Prisma Access offers comprehensive security services including advanced threat prevention, web filtering, sandboxing, DNS security, credential theft prevention, data loss prevention and next-generation firewall policies. The platform always makes it possible for organizations to enforce the same policies with consistent security and networking for all their applications.

Versa Networks

Versa SASE (Secure Access Service Edge) combines networking and network security and delivers this on-premises, in the cloud, or in combination depending on business and IT requirements. The platform provides cloud-delivered networking and network security via a distributed system of Versa Cloud Gateways while enforcing consistent, unified, and global policies across cloud and on-premises sites.

The San Jose, Calif.-based company’s platform extends Versa Secure SD-WAN from an organization’s premises to the cloud and to the front doorstep of cloud services, SaaS and cloud resources around the world. Versa SASE includes SD-WAN, comprehensive integrated security, advanced scalable routing, zero trust network access, secure web gateway, firewall-as-a-service, CASB, and encryption and decryption.

Versa SASE applies policies, services, and capabilities based on the identity of users and devices while incorporating policies and assessing both the risk and trust profile in real-time during each session. Configuration and management of Versa SASE is performed via a single pane of glass to apply global policies, configurations, and profiles consistently across both on-premises and cloud instances.


The cloud-native VMware SASE architecture combines VMware’s SD-WAN Gateways, the VMware Secure Access zero trust network access tool, the VMware NSX next-gen firewall, secure web gateway and cloud security access broker offerings. These networking and security services can be delivered in an intrinsic or sequenced manner to branch edges, mobile users, campuses, and IoT devices.

VMware’s SASE architecture allows companies to adopt an enterprise-wide cloud strategy, scale new operating models, migrate workloads to cloud easily and access multi-cloud applications and resources with confidence. The Palo Alto, Calif.-based company can protect distributed users and applications against internal and external threats from all levels, including network, application, data and user.

The platform provides assured, reliable application delivery to mobile clients, branches, and campuses, even under unfavorable network conditions, according to VMware. The company’s SASE architecture allows organizations to build and scale a new global WAN to support digital transformation strategy, with greater agility and operational simplicity.

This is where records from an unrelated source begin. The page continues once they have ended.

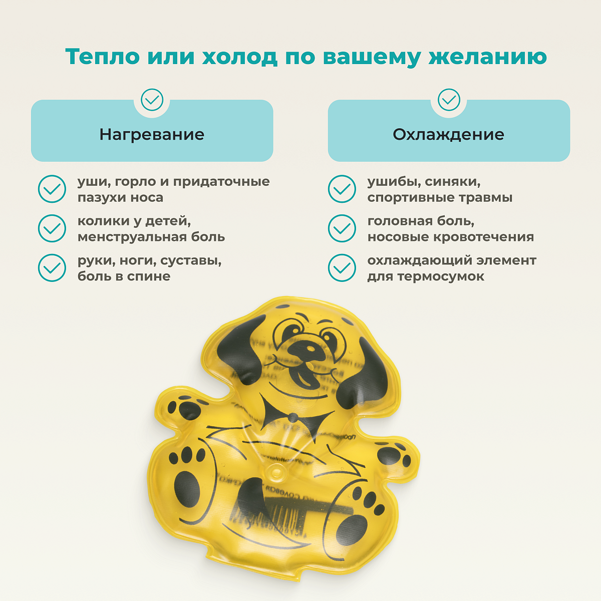 • двойной режим: мягкое прогревание (+52°C) и щадящий холодный компресс (+4-6°C);
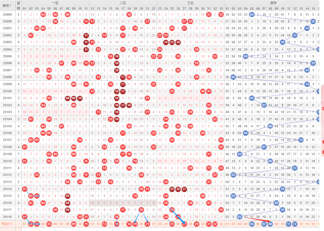 红球三区,上期开出2码,本期看好0-2码,从最近三区开号走势来看,最近的几期内凤尾分别在左路和右路开出的比较多,所以本期可以重点关注左路和右路的号码,但也要防一下中路回归。根据趋势本期看好的号码有2527293132等号,而2326283033中也可选1码防一下
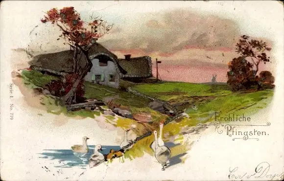 Künstler Ak Glückwunsch Pfingsten, Dorfpartie, Häuser, Gänse

The Zscaler Cloud Security Platform is a SASE service built from the ground up for performance and scalability. As a globally distributed platform, users are always a short hop to their applications, and through peering with hundreds of partners in major internet exchanges around the world, the San Jose, Calif.-based cloud security vendor provides optimal performance and reliability for users.

The Zscaler SASE architecture helps accelerate cloud adoption by removing network and security friction, consolidating and simplifying IT services, and eliminating the need for device management. The Zscaler platform globally peers at the edge with leading application and service providers and optimizes traffic routing to provide the best user experience.

As a fully cloud-delivered service, Zscaler provides native app segmentation by using business policies to connect an authenticated user to an authorized app without bringing the user on the network. Adversaries can’t attack what they can’t see, which is why the Zscaler architecture hides source identities by obfuscating their IP addresses and avoids exposing the corporate network to the internet.